Item 5. | Interest in Securities of the Issuer |
Item 5 is hereby amended by deleting such item in its entirety and replacing it with the following:
The percentages set forth in this Statement are calculated based on information contained in the Issuers Form 10-Q for the quarterly period ended September 30, 2013, which disclosed that there were 60,687,478 Shares outstanding as of November 12, 2013.
All percentages of beneficial ownership presented herein are calculated after giving effect to the issuance of the Shares pursuant to exercise or vesting of warrants, restricted stock or stock options currently owned by the Reporting Persons, and assuming such Reporting Persons Convertible Notes, Bridge Notes and Reimbursement Notes were converted into Shares as of such date.
(a) (i) Master Account may be deemed the beneficial owner of 18,638,199 Shares (approximately 25.5% of the total number of Shares outstanding, calculated in accordance with Rule 13d-3(d)(1)(i) under the Act).

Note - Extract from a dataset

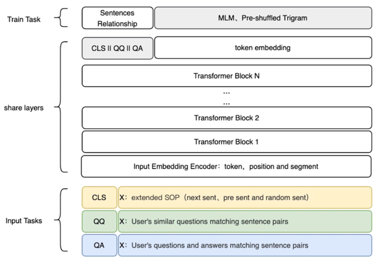 最后,训练方式如图8所示。我们提出了提示性多任务并发训练方式,采用 不同的first token标签,引导不同任务预训练。具体的,[CLS] token预训练学习SOP扩展任务、[QQ] token预训练学习相似度匹配相关任务、[QA] token预训练学习问答相关任务。基于以上方法产出的预训练模型,在京东智能客服言犀的多个业务线,以及各类任务上对比多种开源模型,均取得了最优效果。
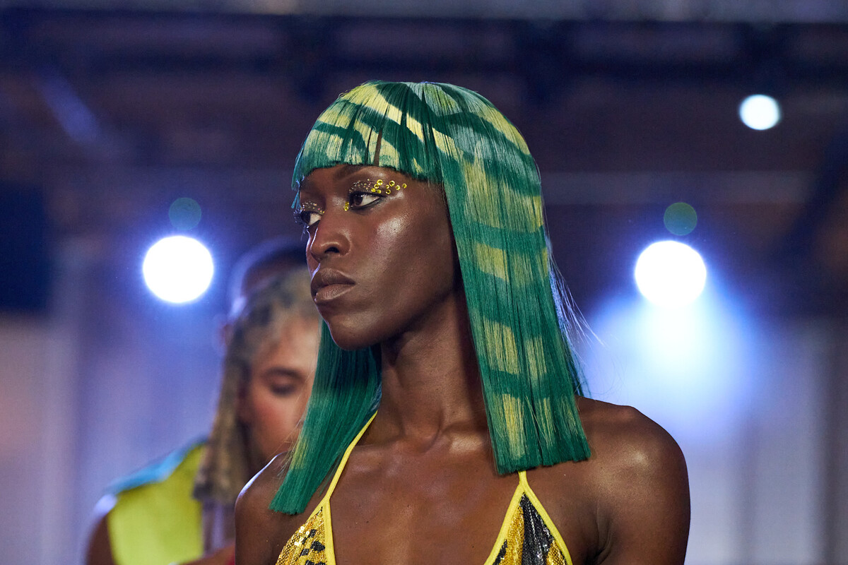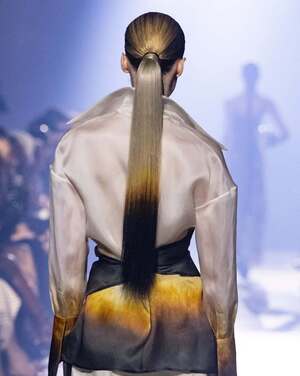 Алексей Горбатюк, стилист и основатель салона «Алгоритм Beauty Club», согласен: halo hair — это переосмысленная техника блочного окрашивания из нулевых, когда волосы делили на зоны и осветляли выборочные секции. «Раньше блик всегда смещался к пробору и выглядел мягко и деликатно, — говорит Алексей. — Сегодня же halo hair приобрело вид настоящего нимба — яркого и графичного». И эти новые виды блочного окрашивания будоражат не только соцсети. На недавнем показе Grace Ling весна—лето 2026 модели выходили на подиум с длинными хвостами, цвет на которых перетекал от темного к светлому, повторяя градиент на одежде. За прически, кстати, отвечал тот же Эвани Фраусто. А на показе Theophilio волосы моделей были разрисованы яркими графичными узорами через трафарет от корней до кончиков. Так что скромный нимб — это еще по-божески.

This number consists of (A) 6,226,054 Shares held for the account of Master Account, (B) 5,515,644 Shares that can be obtained by Master Account upon exercise of warrants to acquire Shares, (C) 5,789,000 Shares that can be obtained by Master Account upon the conversion of the Convertible Notes, (D) 851,360 Shares that can be obtained by Master Account upon the conversion of the Bridge Notes and (E) 256,141 Shares that can be obtained by Master Account upon the conversion of the Reimbursement Notes.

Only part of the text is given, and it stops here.